TinyZBot is a bot written in C# that was developed by Cleaver. [1]

EnterpriseS0004MalwareObject v1.1 Modified
Glexia's Take

Analyst context for executives and security teams

Analyst confidence Medium

TinyZBot matters because ATT&CK describes it as a Windows bot associated with Cleaver reporting and links it to behaviors that support credential theft, user activity collection, command execution, persistence, and possible defense impairment. For leaders, the value is not the malware name alone; it is whether Windows endpoint visibility can prove what happened when a bot captures keystrokes, screenshots, clipboard data, or survives reboot.

Executive priority

Prioritize this as a Windows endpoint resilience and incident-readiness use case. Executives should ask whether the organization can rapidly answer: which hosts executed suspicious command shell activity, which persistence mechanisms were created, whether user data or credentials may have been collected, and whether security tooling was impaired. This supports business continuity, credential-risk decisions, audit evidence for monitoring controls, and IR scoping.

Technical view

Validate coverage against the ATT&CK relationships for TinyZBot: T1056.001 Keylogging, T1059.003 Windows Command Shell, T1113 Screen Capture, T1115 Clipboard Data, T1543.003 Windows Service, T1547.001 Registry Run Keys / Startup Folder, T1547.009 Shortcut Modification, and T1685 Disable or Modify Tools. SOC and IR teams should focus on Windows host evidence for process execution, persistence creation or modification, and user-data collection behaviors. Because the TinyZBot object has no official ATT&CK detection text and no object-level tactics, detection engineering should be relationship-driven and validated with local telemetry rather than assumed from the software name.

Likely telemetry

  • Windows endpoint process creation and command-line telemetry, especially cmd.exe activity
  • Windows service creation, modification, configuration, and service binary path changes
  • Registry autorun key monitoring and Startup folder file creation or modification
  • Shortcut file creation or modification in startup or user-accessible locations
  • Endpoint behavioral telemetry related to screen capture, clipboard access, and keystroke collection

Detection direction

  • Build detections around the related techniques rather than the malware name alone, since no official detection guidance is supplied.
  • Correlate command shell execution with new or modified persistence artifacts such as services, Run keys, Startup folder entries, and shortcut changes.
  • Treat clipboard, screenshot, and keylogging signals as high-value but potentially noisy; tune around unusual processes, persistence context, and affected user roles.
  • Validate whether security-tool impairment logic is applicable in the local environment; the supplied T1685 relationship exists, but its related platform list does not include Windows in the provided text.
  • Use Cleaver relationship context for threat intelligence enrichment, not as proof of current activity or attribution in local incidents.

Mitigation priorities

  • Confirm Windows endpoint logging and EDR/AV health monitoring are consistently deployed before relying on detections.
  • Harden and monitor common persistence locations: Windows services, Registry Run keys, Startup folders, and shortcut-based startup paths.
  • Apply least privilege and change-control review for service creation and autorun modifications.
  • Strengthen credential-protection and incident playbooks for possible keylogging or clipboard/screen data collection events.
  • Maintain tamper-resistance and alerting for security tools where supported, and test whether loss of endpoint telemetry is visible to the SOC.
Analyst notes and limits

TinyZBot is identified by ATT&CK as a C# bot developed by Cleaver, with one supplied external reference to the Cylance Operation Cleaver report. The most useful defensive interpretation comes from the linked techniques, which span collection, credential access, execution, persistence, privilege escalation, and defense impairment.

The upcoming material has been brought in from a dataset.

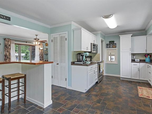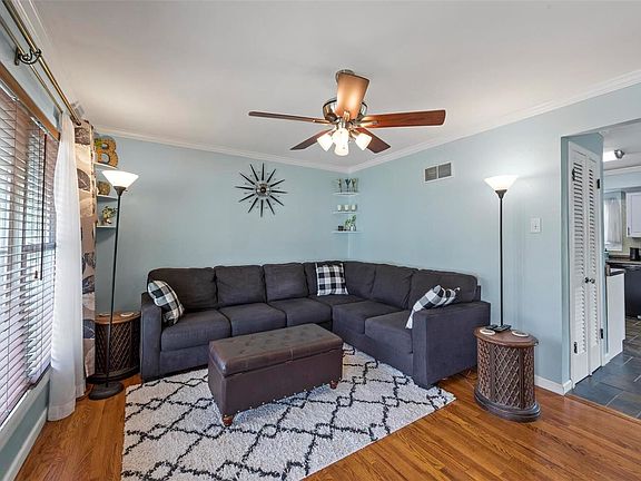 Darling ranch style home in the heart of St. Charles. Close to shopping, dining, downtown Main Street & Lindenwood University. This super cute & updated home is light, bright & airy. Features include wood and tile flooring, 2 generous size bedrooms and a spa like full bathroom. Living room features wood flooring and opens to the kitchen / dining room. The built in bar area makes entertaining easy and creates a nice open flow. Beautiful kitchen with white cabinetry and plenty of counter space. This open concept layout and on trend updates are sure to please! Other features include white 6 panel doors, crown molding through out main level, & ceiling fans. Large fenced yard with spacious patio, and storage shed for your lawn equipment. Covered off street parking.
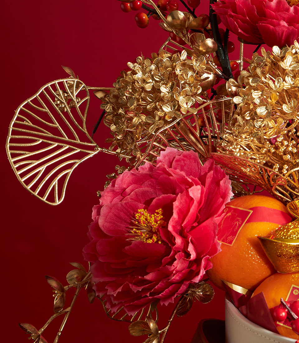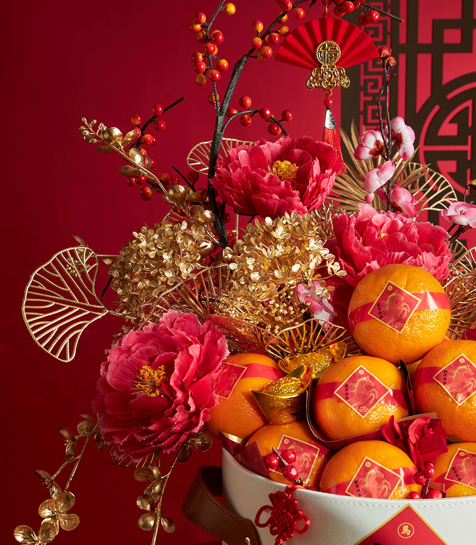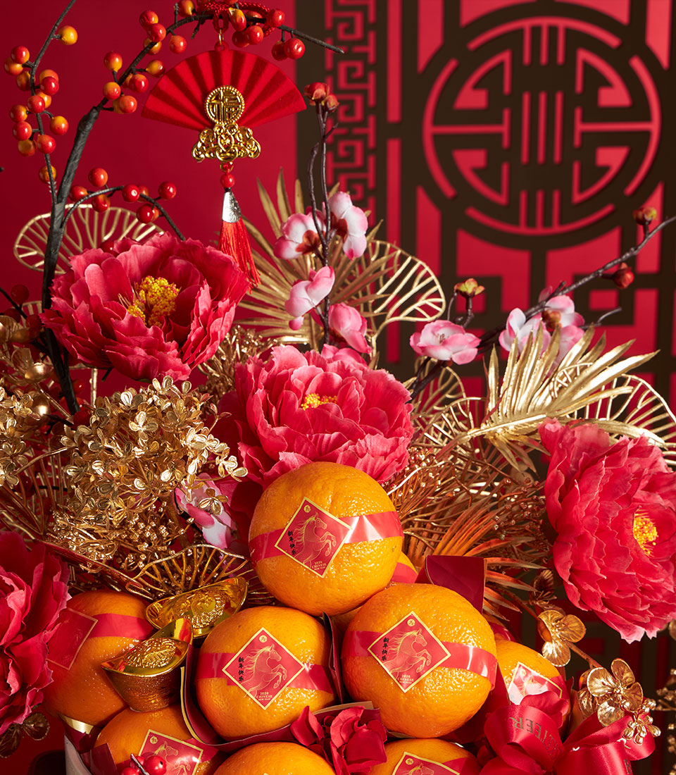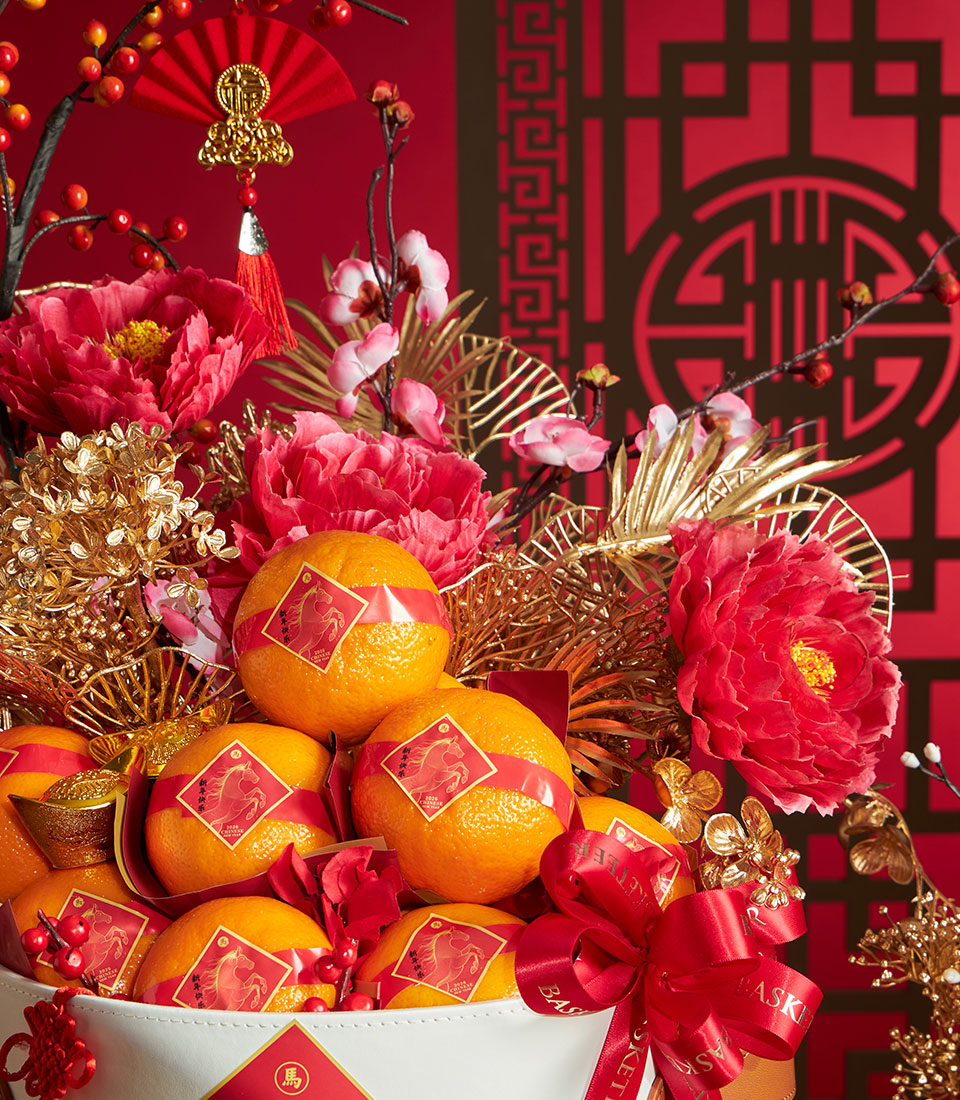 A premium Chinese New Year gift basket beautifully arranged with auspicious mandarin oranges in a festive red basket, enhanced with elegant Chinese decorative elements. A meaningful gift for celebrating prosperity, good fortune, and success during Lunar New Year.

ATT&CK provides no official detection text, no aliases, no labels, and no object-level tactics for TinyZBot in the supplied fields. Platform support is Windows at the malware-object level; related techniques may list broader or different platforms. Local telemetry, asset criticality, and incident evidence are required before drawing conclusions about exposure, attribution, or compromise.

Official MITRE ATT&CK definition

TinyZBot

TinyZBot is a bot written in C# that was developed by Cleaver. [1]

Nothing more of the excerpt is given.